Welcome to The Weekend Quiz. The quiz tests whether you have been paying attention or not to the blogs I post. See how you go with the following questions. Your results are only known to you and no records are retained.

Quiz #468

  • 1. A sovereign national government can run a balanced fiscal position over the business cycle (peak to peak) as long as it accepts that, after all the spending adjustments are exhausted, the private domestic balance will mirror the external balance. That means a country running an external deficit will have an increasingly indebted private domestic sector.
    • False
    • True
  • 2. A nation that manages its currency via a currency board (for example, Estonia and Latvia) has to have sufficient foreign reserves to match the outstanding central bank liabilities (reserves and cash outstanding). Under this arrangement it can always guarantee 100 per cent convertibility but has to endure deflationary tendencies unless it runs external surpluses.
    • False
    • True
  • 3. Modern Monetary Theory (MMT) allows for the possibility that trade union power can cause mass unemployment.
    • False
    • True

Sorry, quiz 468 is now closed.

You can find the answers and discussion here

This Post Has 8 Comments

  1. Did Estonia and Latvia use Currency Boards before adopting the euro? So I understand. But not today of cource. Swedish banks were acting like a shadow banking system in the Baltics selling people loans en masse defacto denominated in euros(pegged!). This ended up in a foreseable crisis 2008-9 when local currencies crashed putting the borrowers under water with revalued debts and falling real estate-prices. I was surprised the swedish centralbank and regulation authorities was not proactive enough?

    I wonder how these boards reacted? They must have known swed banks were selling naked euros with forward deliveries? A classical debt trap for countries with non-floating currency. Swedish bankcustomers were fooled to borrow in deutche marks during the ERM-system to earn the rate-differential. It worked well for some time! Hungary also had their housing-bust in euro!

    When capital were fleeing these baltics countries the Currency Board-system did not allow(as I understood) the central bank to “print money” for the local banks.

  2. @ThorLeif

    “When capital were fleeing these baltics countries the Currency Board-system did not allow(as I understood) the central bank to “print money” for the local banks.”

    It’s funny, because the ECB needed an aggregated $8 trillion from the Fed.

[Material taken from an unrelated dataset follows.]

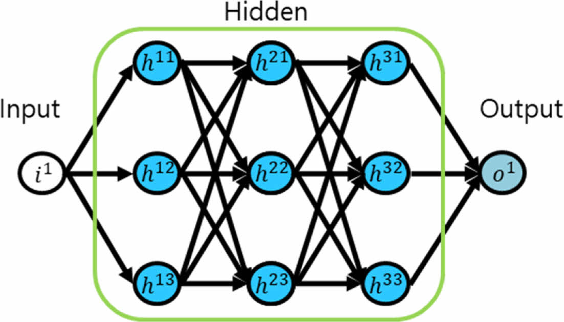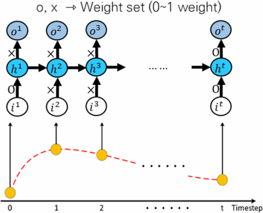 Fig. 7은 Fully-Connected(FC) 모델 Weight Update 모식도를 보여준다. Fully-Connected 모델은 그 이름이 의미하듯 입력, 출력 및 Hidden Layer의 Node가 동일 계층을 제외하고는 전부 연결되어 있다. 이 때문에 Node수와 층수(Depth)가 증가할수록 그 연산량이 폭발적으로 증가한다. Fully-Connected 모델과 LSTM 모델의 주요한 차이점은 LSTM 모델과 달리 Fully-Connected 모델은 Parameter Sharing이 없다는 점이다.

    See also https://www.gao.gov/assets/330/321506.pdf

    On page 129 they describe how the Fed opened a swap line to the Swiss National Bank so it could funnel dollars to UBS so they could create a SPV to buy $60 billion in bad assets. Thus the Fed printed a lot of money for big private sector finance firms in 2008 and after. The Fed’s signaling unlimited liquidity saved world markets. Constraints on public budgets are waived for private sector budgets.

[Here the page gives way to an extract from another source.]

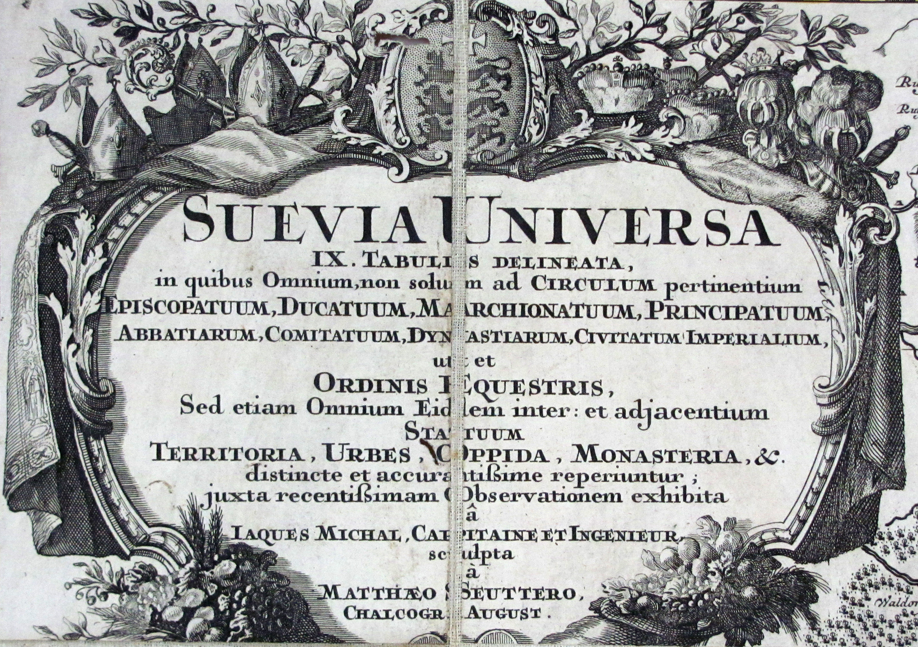 Cartographia Bavariae S. 113 und 4.13: „Als wichtigstes und bestes Werk mit dem Thema Schwäbischer Reichskreis gilt die Karte von Jaques de Michal… Stellt das Hauptwerk im schwäbischen Raum mit einer bis zum Ende des 18. Jahrhunderts ausgreifenden Wirkung dar.“ Michal war Ingenieuroffizier bei der Truppe des Schwäbischen Kreises. Die Karte umfasst den süddeutschen Raum vom Rhein bis zum Lech mit nördl. Begrenzung Crailsheim und Jagst und südl. Begrenzung Züricher See und Vaduz. Schönes, kräftiges Flächen- und Grenzkolorit, die Kartuschen unkoloriert. Die Karte erschien in 9 Teilen, das vorliegende Exemplar wurde hier sorgfältig von alter Hand in kleinen Segmenten als Falt- oder Wandkarte präpariert. Zwei Segmente mit winziger Wurmspur, ansonsten sehr gut erhalten.– Oehme 118 und Abb. 33: „Beste Kreiskarte des 18. Jahrhunderts.“

    The Fed should have opened swap lines to many more central banks, like Greece. The ECB used swap lines to bail out private banks, but took a hard stance with public budgets.

  3. “after all the spending adjustments are exhausted”

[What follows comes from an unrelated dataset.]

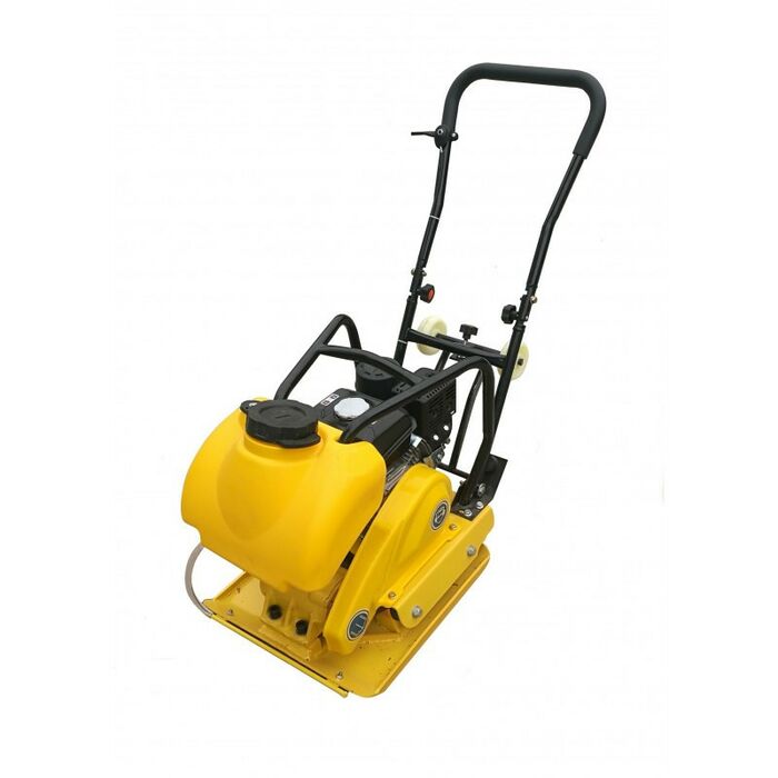 - Виброплиты бензиновые. Популярны, ведь у них высокая мощность и они бюджетнее дизельных аналогов. Могут работать как в мороз, так и в жару. В отличие от электрических моделей, свободно передвигаются по площадке. При всех плюсах, у них внушительный вес и уровень шума.

    Note that as much as $21 trillion in unsupported adjustments have accumulated over the decades.
    See https://www.fiscal.treasury.gov/fsreports/rpt/finrep/finrep16/gao/fr_gao_report_append_ii.htm

    “As a result of the above-noted circumstances, the federal government’s ability to determine the impact of these differences on the amounts reported in the accrual-based consolidated financial statements is significantly impaired.”

    When you total up all the unsupported adjustments over the decades the GAO has been noting them in appendices and footnotes, Prof. Mark Skidmore found $21 trillion.

    https://msutoday.msu.edu/news/2017/msu-scholars-find-21-trillion-in-unauthorized-government-spending-defense-department-to-conduct/

  4. 3/3 – either I am getting more MMT-astute or questions were a tad easier this week.

    Happy days!

  5. Robert Mitchell 10:44;

    In fact both the IMF and ECB incl swedish Riksbank had to assist the Baltic states. But not with swap-lines to my recall(loans and guaranties). Sorry but the FED could not assist euro-member countries directly. National central banks in the euro-zone have all given up their sovereignty according to the treaty. By the way; US FED demand high quality collateral. Greek government bonds i.e were at the time falling towards zero without ECB assistance(bailout of european holders(banks i.e).